16

966 105 17
                                    


"Senden istediğim şey emin ol benim de hoşuma gitmiyor." dedi ve yüzüme son kez bakıp beni orada yalnız bıraktı. Arkasından bakarken zihnimden bir dolu sitem cümlesi geçiyordu. Duvara iyice yaslanıp gözlerimde birikmek için bana sataşan gözyaşlarını yok saymaya çalıştım.

Madem hoşuna gitmiyordu, o zaman niye bana işkence ediyordu?

Sanki yoldan geçen biri sana hakaret etse o hakareti kendine yakıştıracaksın. Neden kendini sevmiyorsun?

Saniyeler dakikaların, dakikalar saatlerin üzerinde devrilip önümde birikirken Chanyeol'ün konuşması aklımdan çıkmadı, harfler kafamın içinde bir belirip bir kayboluyordu. Bu durum bir yere kadar kabul edilebilirdi ama sürekli haklı çıkıyor olması beni huzursuz ediyordu. Gözlerini yüzüme çevirdiğinde benimle ilgili bir özelliği, basit bir bulmacayla oyalanıyormuş gibi çözülüyordu.

"Lise çağlarımızı özlediğimi fark ettim," dedi hemen karşımda oturan Suho. Öğle arasında, kantindeydik. "Uzun yıllar sonra tekrar bu ortamlara dönmek... Keşke hiç büyümeseydik."

Chanyeol, Sehun ve Suho'yla birlikte oturduğum masada yaklaşık on beş dakikadır devam eden bir muhabbet vardı, genellikle yok sayıldığım için konuşmalarını bile dinlemiyordum ama düşüncelerim kabuk bağlayan yaralarımı kanatmaya başladığı için onlara kulak verdim.

"Liseye dair özlediğim tek şey çaprazımda oturan Yui'nin kısa okul eteği." Chanyeol bunu söylerken başını yemeğinden kaldırmamıştı. Onun eski zamanları özler gibi bir hâli yoktu zaten, o her yaşa, her ortama ayak uydurup dolu dolu yaşayanlardandı. Geçmişi özlemeyecek kadar iyi yaşayan. Yani en azından uzaktan öyle görünüyordu.

Suho tabağındaki üzümden bir parça koparıp Chanyeol'e atarken, "Pislik." dedi. Chanyeol de pis pis sırıttı.

"Seni bilmem ama ben de özledim." Sehun bana baktı. "En azından aramızda buraya ait biri var. Okulu beğendin mi Baekhyun?"

Sehun benimle konuştuğu için ona kızacağını bildiğimden dolayı çekingen bir tavırla Chanyeol'e baktım ama o başını kaldırıp gözlerime bakmaktan başka bir şey yapmadı.

"Bildiğimiz okul işte," diye geveledim.

"Lisenin tadını çıkarmaya bak, diye öğüt verdi Sehun." Emin ol sonra çok pişman olursun. Kim ne derse desin, gerçekten en güzel yıllar lise yılları."

"Pişman olacak kadar yaşayacağımı sanmıyorum," dedim boş bir sesle. "O yüzden sorun yok."

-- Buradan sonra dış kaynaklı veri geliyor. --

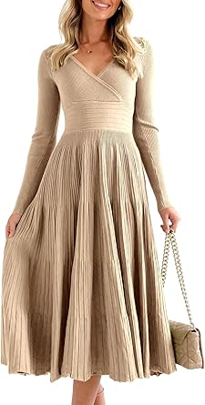 Womens Long Sleeve Midi Sweater Dress Wrap V Neck Pleated A Line Fit Flare Elegant Knit Maxi Dress

Sehun'un gözleri bu açık sözlülüğüm karşısında yüzüme kilitlendi. Niye böyle bir şey söylediğimi ben de bilmiyordum, sadece olaylar nasıl gelişirse gelişsin bu işin sonunun kötü biteceğini söyleyen bir his vardı içimde. Chanyeol de bana bakıyordu ama özellikle ona bakmadım. Sandalyemi geri itip ayağa kalktım.

Kaçmak için, "Ben biraz okulu dolaşacağım," diye bahane uydurdum ve ilk defa Chanyeol'ün onayını beklemeden yanlarından ayrıldım.

Kolej sahile çok yakın olduğu için dışarıdaki trafiğin sesi olmasa kayaya vuran dalgaların seslerini bile duyabileceğimizden emindim. Denizin kokusu her yeri sarmıştı, su korkusu olan bir insan olmama rağmen denizin o sakinliği düşüncelerimi dizginliyordu; bazen o derinliğe bakarken geçmişimin usul usul geleceğimin koynuna girdiğini ve orada kaybolduğunu hissederdim.

Voleybol filesinin yakınındaki bir banka oturup dalgın gözlerle voleybol oynayanlara baktım. Voleybolu severdim, Luhan'ın ısrarıyla tanıştığım voleybol sahası kütüphanelerden ve kitapçılardan sonra sevdiğim tek yerdi. Geldiğim okulda Luhan'ın ısrarıyla takıma girmek zorunda kalmıştım. Bunları düşünürken deniz özlemine, bileklerime çarpan topun özlemi karıştı.